Logistic regression identified predictors for follow-up participation. Baseline prevalence of 9 respiratory symptoms (asthma attack, asthma medication, combined variable with asthma attack and/or asthma medication, wheeze, rhinitis, wheeze with dyspnea, wheeze without cold, waking with chest tightness, waking with dyspnea) and 9 exposure-outcome associations (predictors sex, age and smoking; outcomes wheeze, asthma and rhinitis) were compared between all baseline participants and long-term participants. Bias was measured as ratios of relative frequencies and ratios of odds ratios (ROR).

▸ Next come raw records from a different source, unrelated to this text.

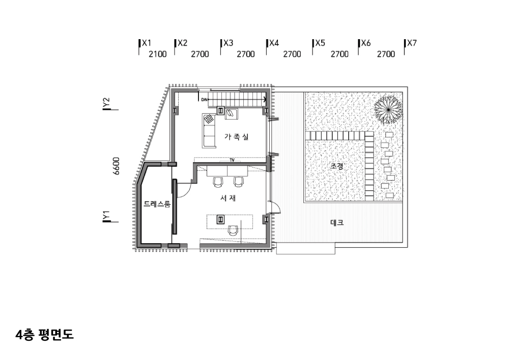 새롭게 리모델링되는 3층과 4층은 복층구조의 단독주택이다. 건축주가 가장 중점을 두었던 4층에는 남편의 근무 공간과 가족이 함께 할 수 있는 마당이 조성되었다. 이곳은 가족 및 지인들과 함께 바비큐 등을 할 수 있는 즐거운 나눔의 마당으로 활용될 것이다.
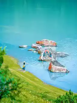 3️⃣ Wildlife encounters: Marmots are often seen near their burrows on the lakeside grass.
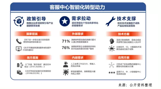 除技术支撑外,政策引导和需求拉动也是驱动客服中心智能化发展的重要源动力。
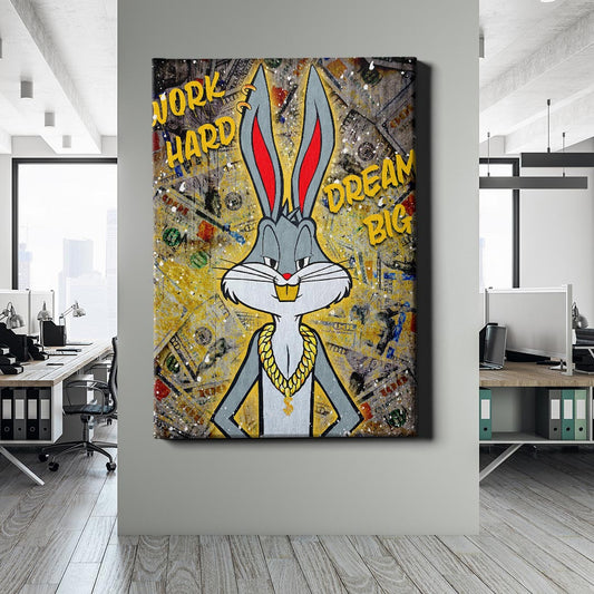 Normaler Preis Von 69,90 €Normaler PreisStückpreis / proVerkaufspreis Von 69,90 €Bugs Bunny zeigt sich im Street-Style mit Goldkette und Diamantgrill vor einem Hintergrund aus Geldscheinen. Die kräftigen Farben und der selbstbewusste Ausdruck vermitteln den Spirit von Erfolg, Reichtum und harter Arbeit.
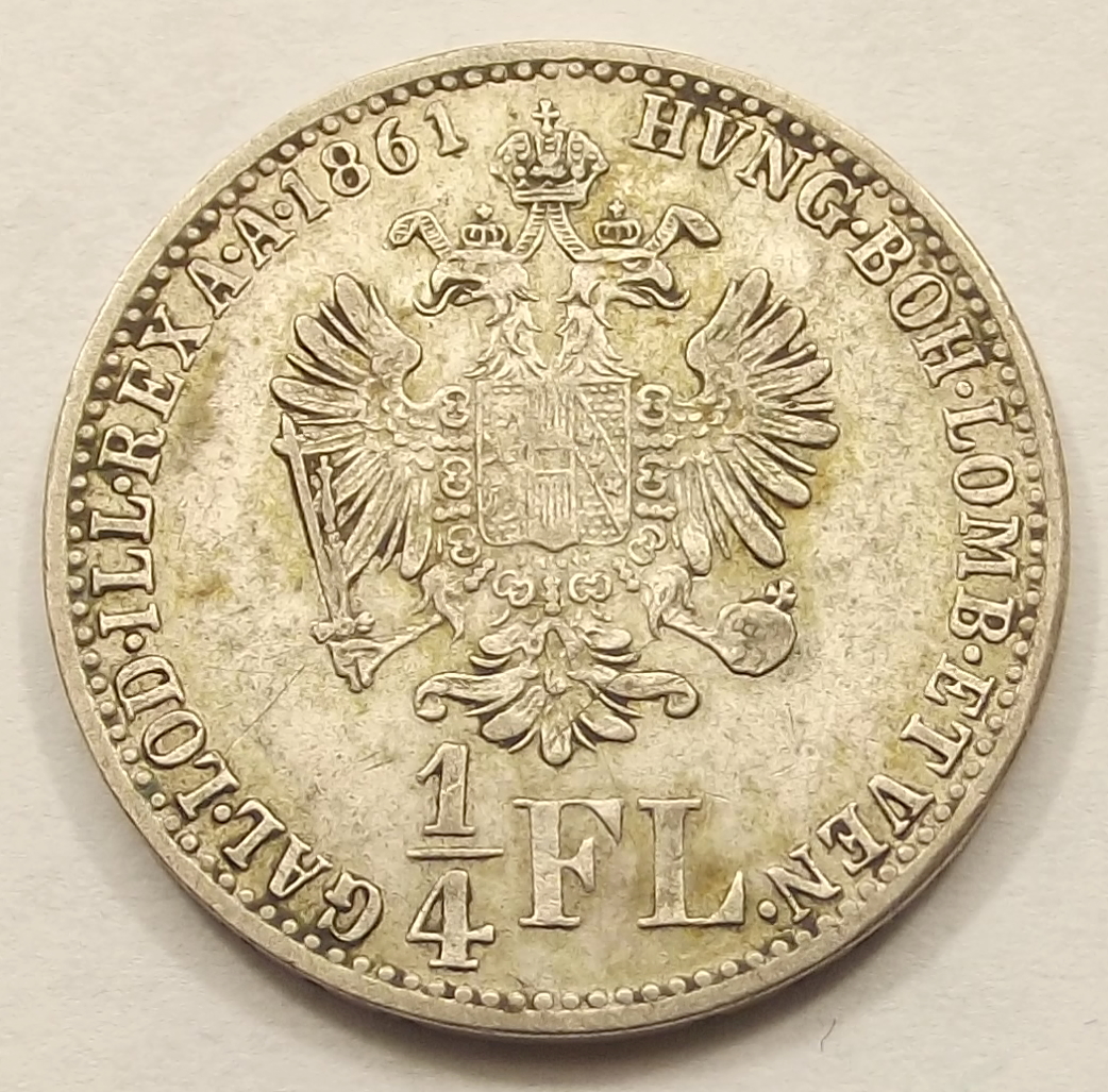 1/4 florin 1861 A Ferenc József szép állapotban (baj.

Follow-up response rates after 10 years were 75% in RHINE, 64% in I-ECRHS and 53% in ISAYA. After 20 years of follow-up, response was 53% in RHINE and 49% in I-ECRHS. Female sex predicted long-term participation (in RHINE OR (95% CI) 1.30(1.22, 1.38); in I-ECRHS 1.29 (1.11, 1.50); and in ISAYA 1.42 (1.25, 1.61)), as did increasing age. Baseline prevalence of respiratory symptoms were lower among long-term participants (relative deviations compared to total baseline population 0-15% (RHINE), 0-48% (I-ECRHS), 3-20% (ISAYA)), except rhinitis which had a slightly higher prevalence. Most exposure-outcome associations did not differ between long-term participants and all baseline participants, except lower OR for rhinitis among ISAYA long-term participating smokers (relative deviation 17% (smokers) and 44% (10-20 pack years)).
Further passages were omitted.